Typically, comparators have a positive (also called non-inverting) input and a negative (also called inverting) input for receiving the input voltages or currents, and an output voltage or current which indicates a high level if the positive input is greater than the negative input, and indicates a low level if the negative input is larger than the positive input. Some comparators also have an additional complimentary output.
Comparators find themselves as important components in many applications, including medium resolution (8-10 bits) Analog to Digital (A/D) converters, memory circuits such as Dynamic Random Access Memory (DRAM) and Static RAM, and Sigma-Delta A/D converters. In modern embedded circuit applications, such as the digital camera, reducing the physical size and the power consumption of fast comparators is of paramount importance due to the large number of comparators used. For example, circuits such as the DRAM, SRAM, and the CMOS imaging array may require one or two comparator circuits for each column. Thus, a typical 1024 by 1024 CMOS image array can require over two thousand comparator circuits for sensing the analog signal levels generated by the array. A reduction in size of the comparator will therefore reduce manufacturing costs and yield a more compact final product. Additionally, in a typical CMOS image array, each comparator will be part of an A/D converter for each column and will typically be called on to perform a comparison every 50 nanoseconds. Thus, a faster comparator will improve image resolution by allowing a greater number of image sensor columns to be sensed in a given period of time.
For high speed applications, a circuit known as a regenerative latch (also called a positive feedback latch) may be used to translate a small difference in the input signal levels into much larger output signal levels in a short period of time. Latches work well in implementing logic circuits such as the flip-flop. However, a latch cannot be used by itself as a comparator circuit when the input signal levels to be compared differ by less than the voltage required to toggle the latch. That is because the latch has only two stable states, such that the smallest difference between the two input signal levels will be enough to launch the outputs towards one of the two stable states. Even if the circuit elements in the latch were perfectly matched to yield zero input offset levels, the significant positive feedback in a latch will be enough to uncontrollably amplify the slightest and shortest noise spike at the inputs. To toggle the latch into another state, the difference in input levels must be greater than the latch toggle voltage. In a typical modern latch built using Metal Oxide Semiconductor (MOS) technology, this toggle voltage is approximately 30 mv. Thus, input signal levels differing by less than 30 mv will have no effect on the output of the latch.
One way to retain the fast and reliable switching characteristics of a latch when comparing two signals which differ by less than the toggle voltage is to use an amplifier stage in front of the latch.

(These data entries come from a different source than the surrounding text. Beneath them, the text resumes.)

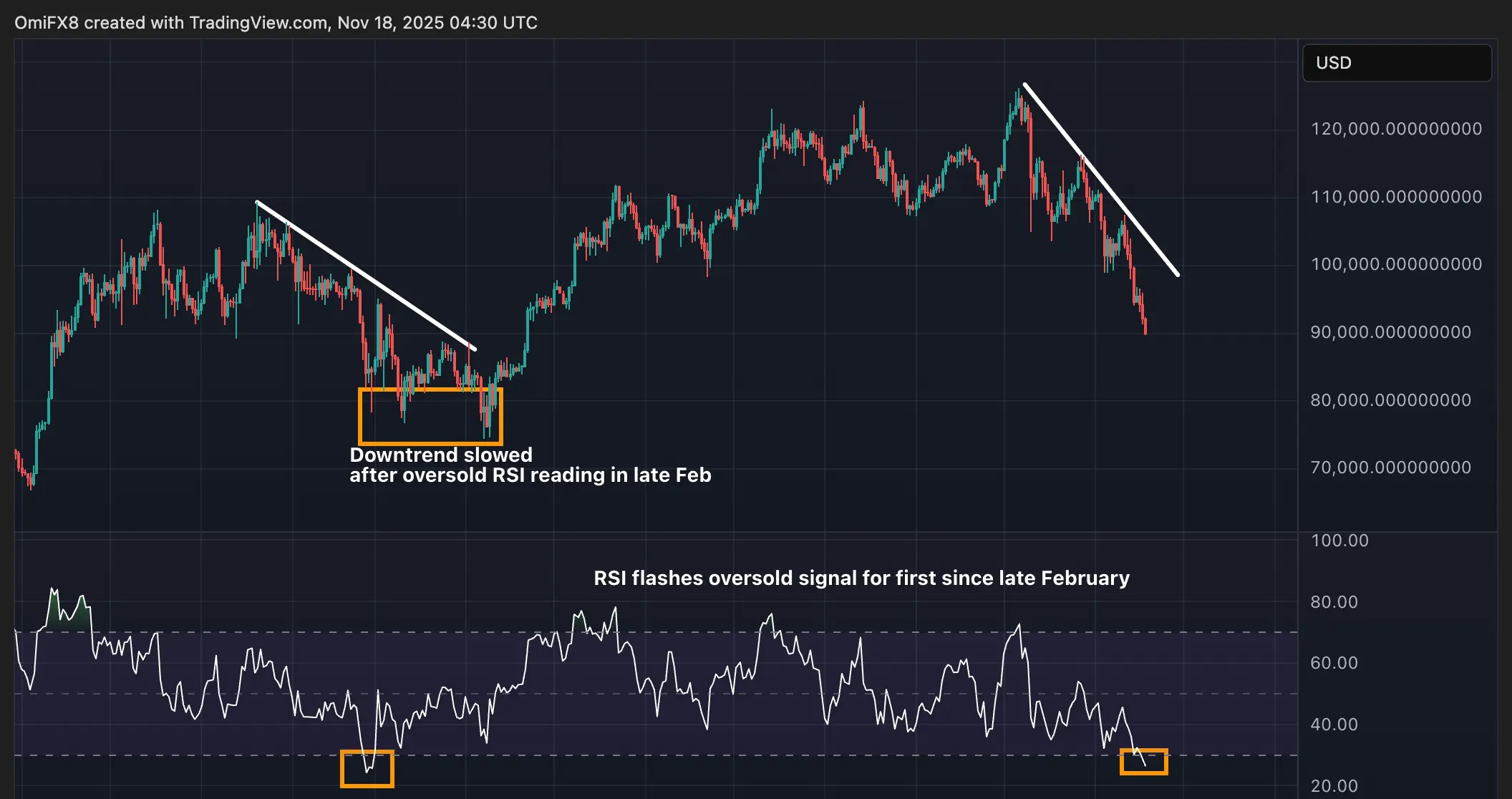 Harga BTC jatuh di bawah $90,000 pada Selasa pagi, turun 28% dari rekor tertinggi lebih dari $126,000 yang dicapai awal bulan lalu. Dengan itu, indeks kekuatan relatif 14-hari (RSI) — ukuran momentum harga yang banyak diikuti — telah turun di bawah 30, menandakan kondisi oversold. Ini berarti penurunan BTC yang sedang berlangsung telah cukup tajam untuk mengundang jeda atau potensi rebound.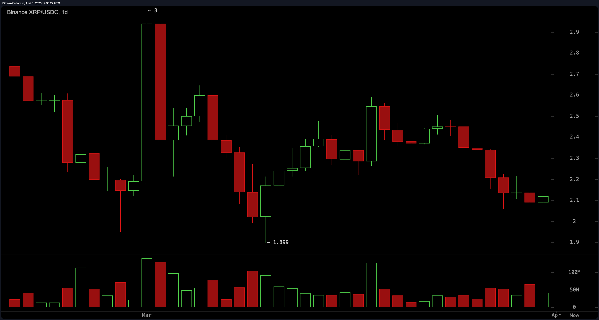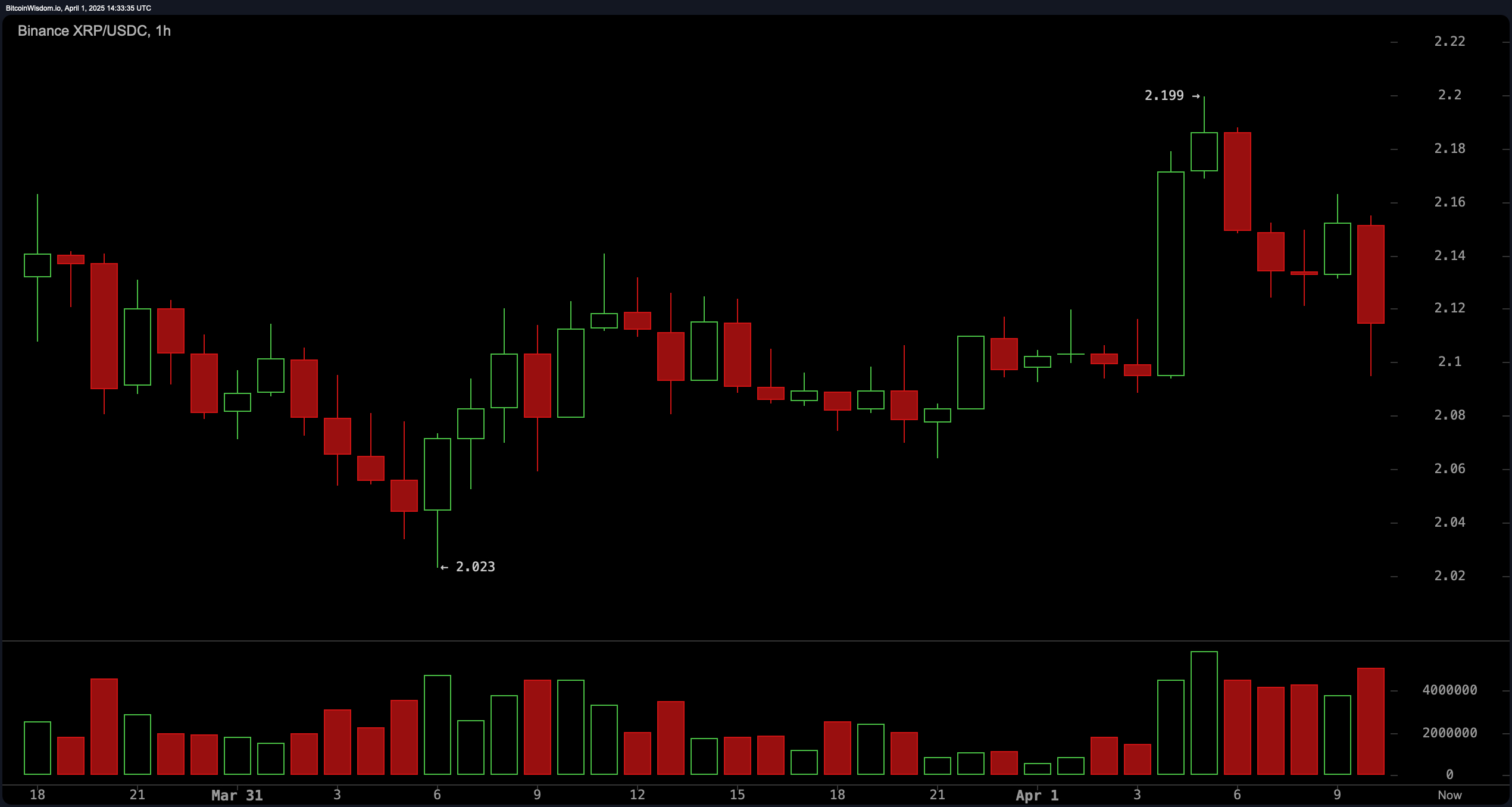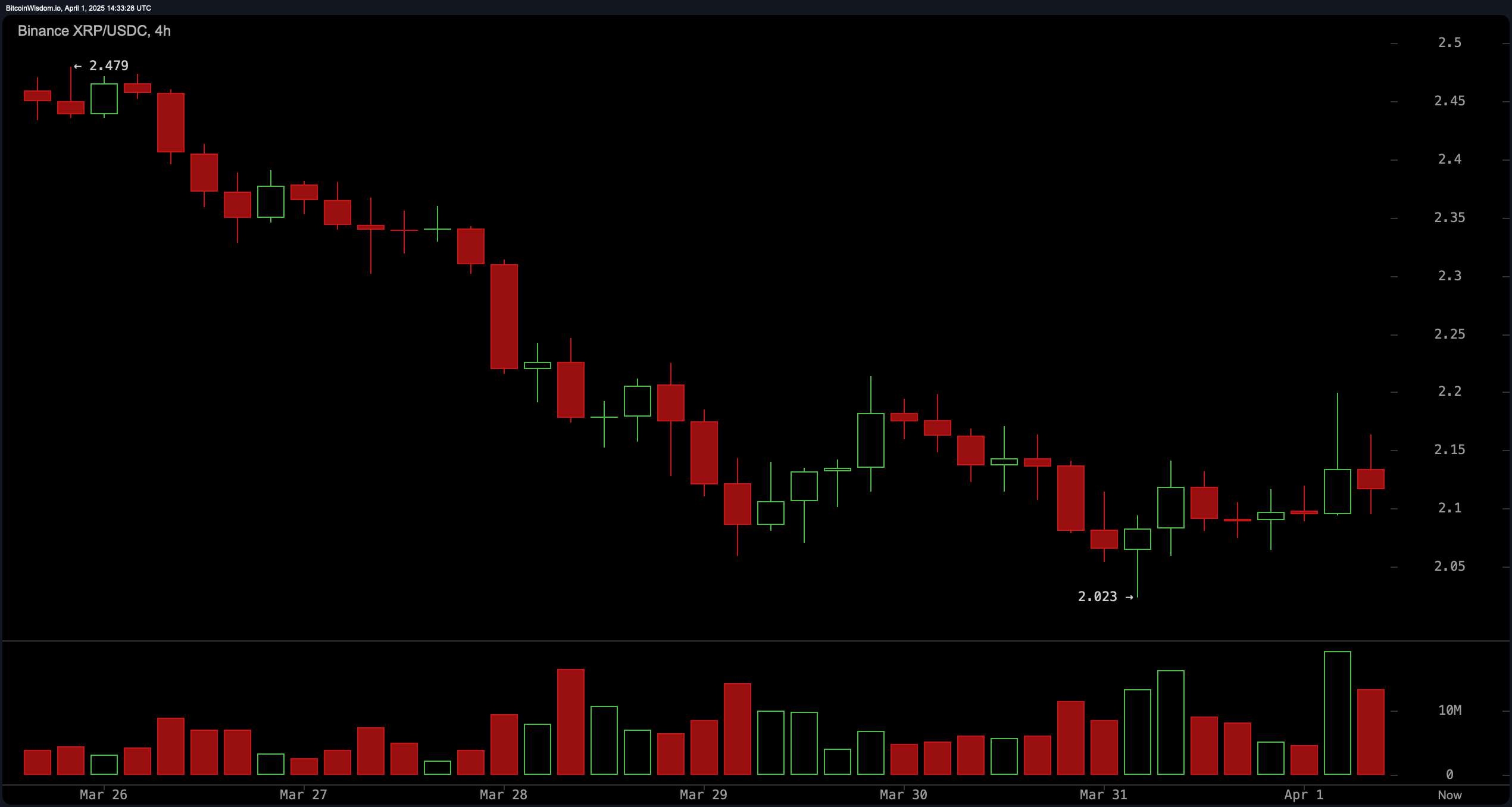 The 4-hour chart portrays XRP in a post-downtrend phase, transitioning into a sideways consolidation pattern. Support has solidified near $2.02, while resistance at $2.15 to $2.20 has capped recent upward attempts. The uptick in volume on bearish candles near resistance suggests potential bull traps, implying sellers might be distributing. Should the price close decisively above $2.20 on strong volume, a short-term bullish breakout toward $2.40 could unfold. However, any failure to maintain the $2.10 level, especially under high-volume selling, may reintroduce downside pressure targeting sub-$2.00 levels.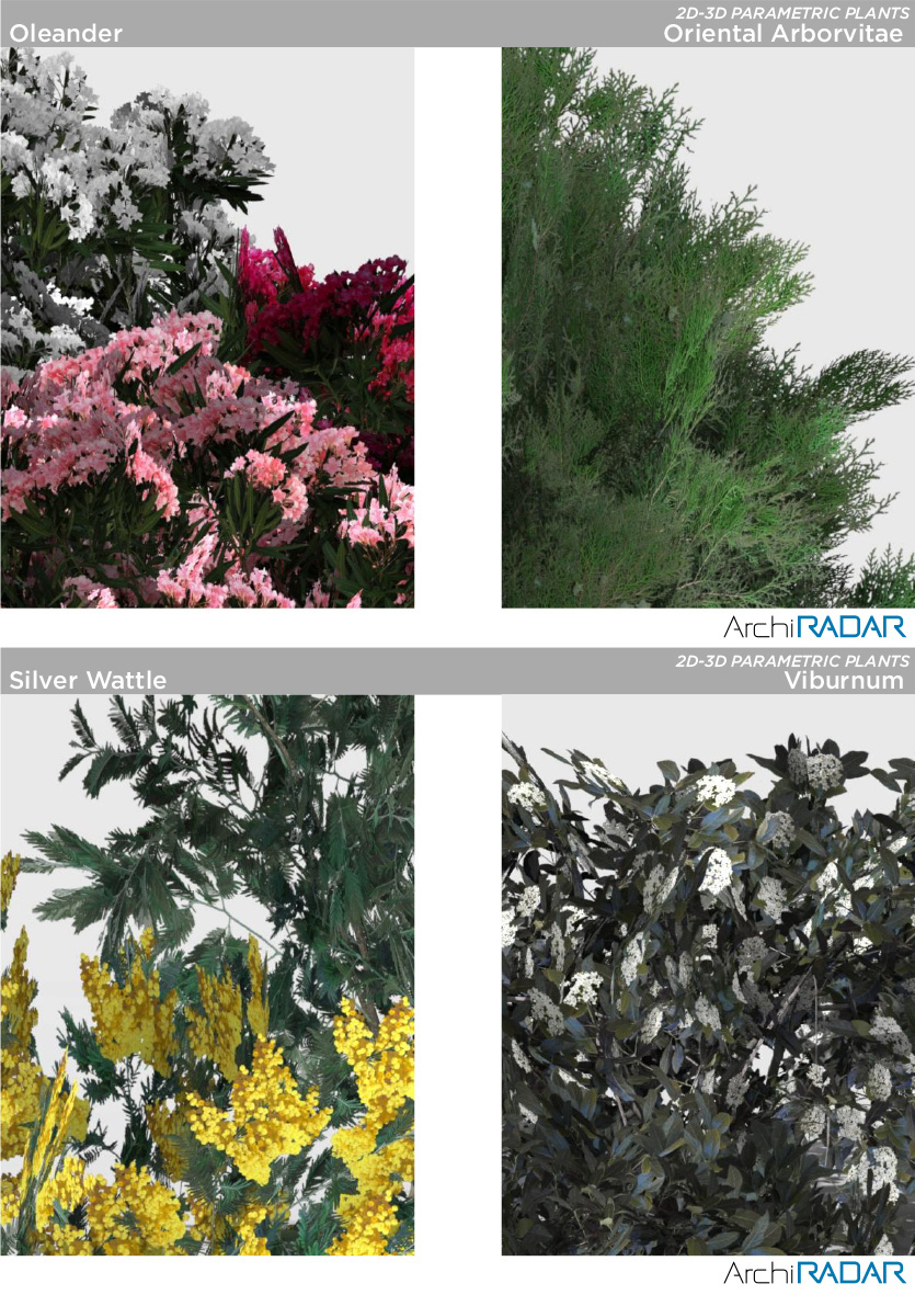 15 Modelli 3D di piante diverse, compatibili con ArchiCAD 16 o superiore e ottimizzate per CineRender.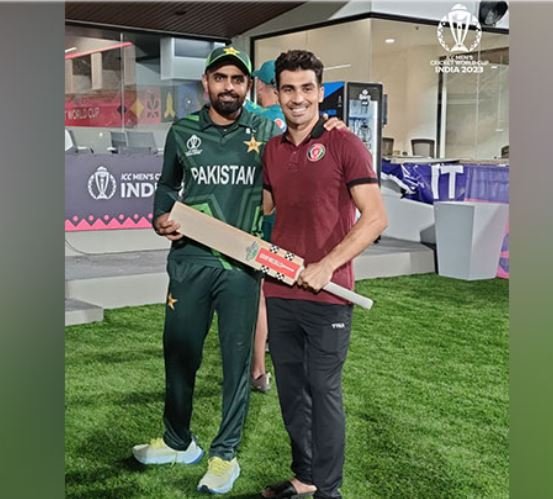 नई दिल्ली- 24 अक्टूबर। पाकिस्तान क्रिकेट टीम के कप्तान बाबर आजम ने सलामी बल्लेबाज रहमानुल्लाह गुरबाज़ को अपना बल्ला उपहार में दिया, जिन्होंने 53 गेंदों पर शानदार 65 रन बनाकर अफगानिस्तान को मौजूदा विश्व कप में पाकिस्तानी टीम के खिलाफ ऐतिहासिक जीत दिलाने में महत्वपूर्ण भूमिका निभाई।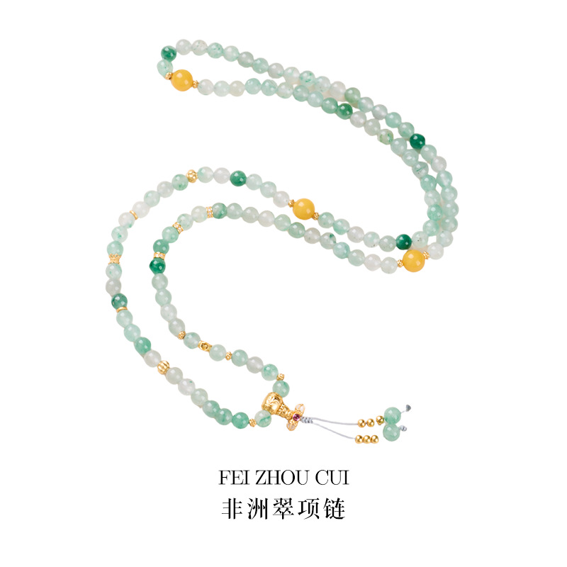 Name6MM African Emerald Apatite 108 Bead Mantra NecklaceAfrican Emerald 6MM African Emerald 108 beads Natural Bee Wax Silver Plated Gold Vajra Double-Wrist Bracelet & Necklace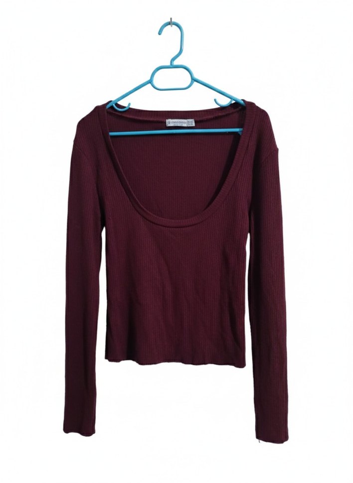 Bordo renkli, ince triko kumaştan, uzun kollu ve yuvarlak yakalı, günlük kullanıma uygun sade ve şık kadın kazak. Boy uzunluğu 50 cm , Göğüs altı 45 cm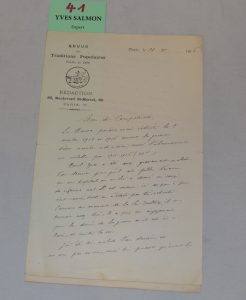 • L.A.S. Adressée à « Mon cher compatriote » de 2 pp. in-8 du 22 VI 1916, lui annonçant la maladie de Paul-Yves [son fils] et la sienne l'année précédente et espère la fin de la guerre « plus tôt qu'on ne le croyait il y a quelques mois ».
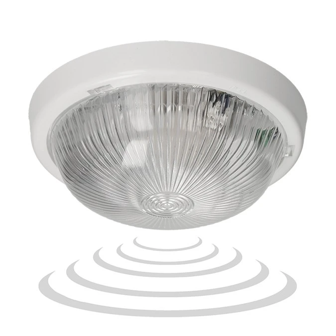 7070T-ALFA/MS, oprawa oświetleniowa z mikrofalowym czujnikiem ruchu, 100W, E27, IP44, szkło przeźroczyste,A2210-HF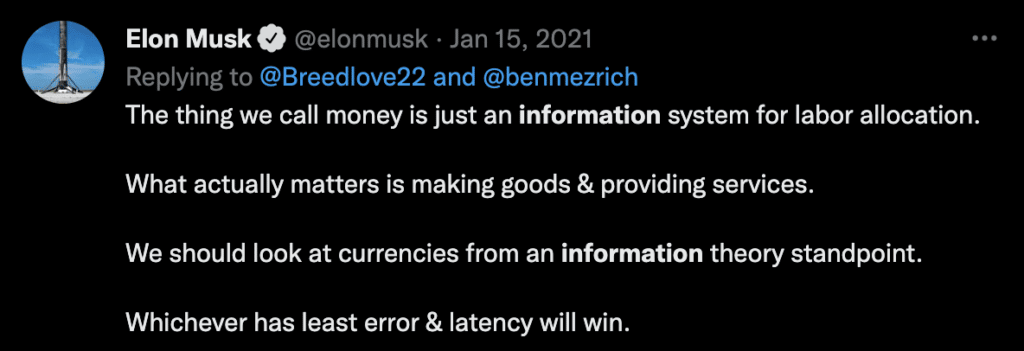 Elon considère qu’une bonne monnaie doit transporter efficacement l’information. Par « information », Musk fait sans doute référence à la quantité d’incertitude à laquelle elle met fin. La monnaie doit donc réduire le bruit pour allouer efficacement les ressources économiques qui sont rares (hors du jardin d’Eden).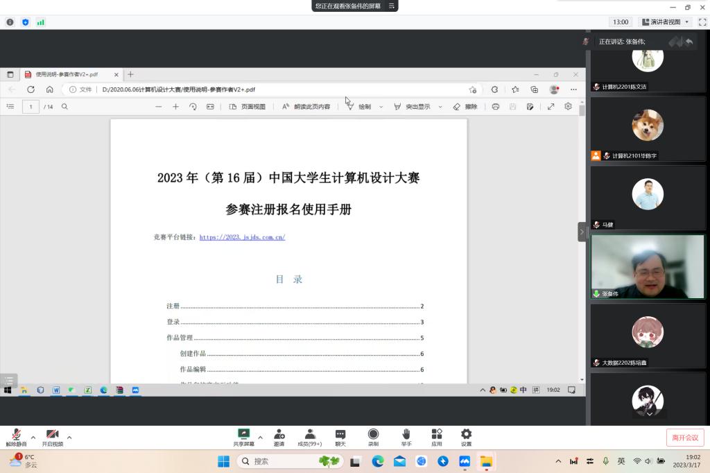 为增加同学们对计算机设计大赛的了解,鼓励同学们积极报名参赛。317日晚,信息工程学院通过腾讯会议平台举办了计算机设计大赛赛前线上指导培训会,会议邀请了学院物联网系主任、江苏省计算机设计大赛评委张备伟老师主讲,学院2021级、2022级近300余名学生参加。会议由院党委副书记马健主持。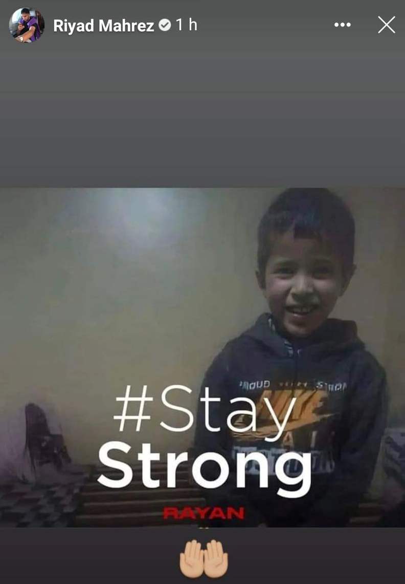 تعاطف قائد المنتخب الوطني الجزائري رياض محرز، الخميس، مع الطفل المغربي ريان العالق في بئر منذ قرابة يومَين.

The input signals are first amplified to a level that is sufficient to overcome the latch toggle voltage. The amplified levels are then fed to the latch which will then be toggled into the correct output state.
The addition of a separate amplifier stage, however, results in more power consumption, requires greater physical area on the integrated circuit die, and will reduce the overall speed of the comparison because of the additional delay introduced by the separate amplifier stage. Therefore, a novel comparator circuit is needed to overcome some or all of these disadvantages.